# partition substrate: what to use?



## jarthel (26 Dec 2009)

I came across threads that talk about the subject but I'm not really sure what is the item.

clear acrylic is 1thing I know but  what I've seen are quite thick and would not bend at all.

people have mentioned rainstrip and other items. maybe you can give links to a photo of the product (or link to the product info) so I can look at the local hardware/gardening shop?

thank you


----------



## samc (26 Dec 2009)

i use the same sheets they use for overhead projectors. the stuff i used in my pico.

this stuff it really good for smaller tanks although for a bigger tank than nano i would use something more substantial like the garden edging saintly uses. 
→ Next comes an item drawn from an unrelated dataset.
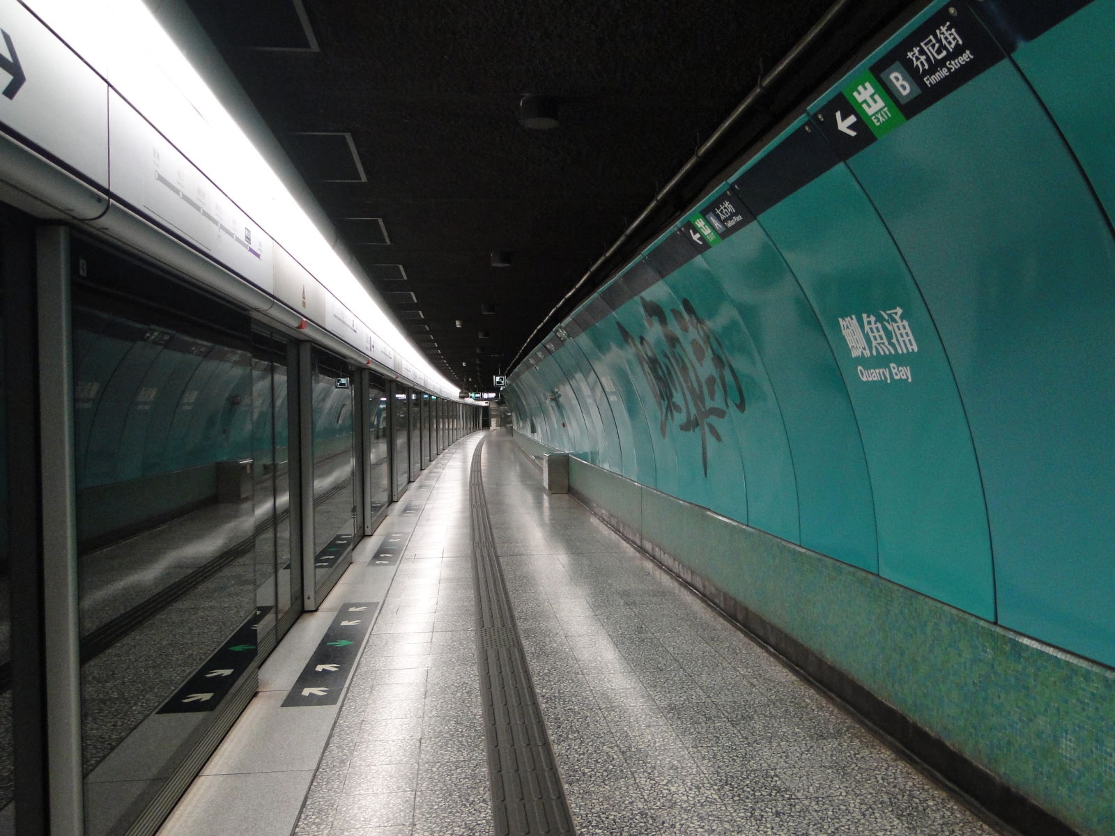 Quarry Bay Station (鰂魚涌站) is a station of the MTR in the eastern district of Hong Kong Island. It was built at the foot of Braemar Hill west of the junction of King's Road and Finney Street in Quarry Bay. It is on the Island Line and the Tseung Kwan O Line (formerly part of the Kwun Tong Line) interchange station. This station is the closest railway station to the Eastern Harbour Crossing. It is also the only station on the Island Line with a lobby on the ground. It is currently the fourth deepest station of the MTR, with a depth of 42 meters.

he use smilar stuff to this. or did. but anything similar will be fine. you would want to leave it about 5mm above the substrate as shrimp tend to mix it up. although most people cover the line in moss or riccia stones aswell


----------



## jarthel (26 Dec 2009)

thank you. I've seen something similar to lawn edging here. but I believe it's called something else.

I'll check it out. 

------------

fyi:  I'm mostly concern with runner plants as my foreground would be slow growing marsilea hirsuta (a native to australia).


----------



## NatureBoy (3 Jan 2010)

I'm keen to experiment with clay in an aquascape, to create a riverbank type terrace... most rivers and streams have a fair amount of clay and I want to see if it can be used to enhance a scape.  Anyone tried it?


----------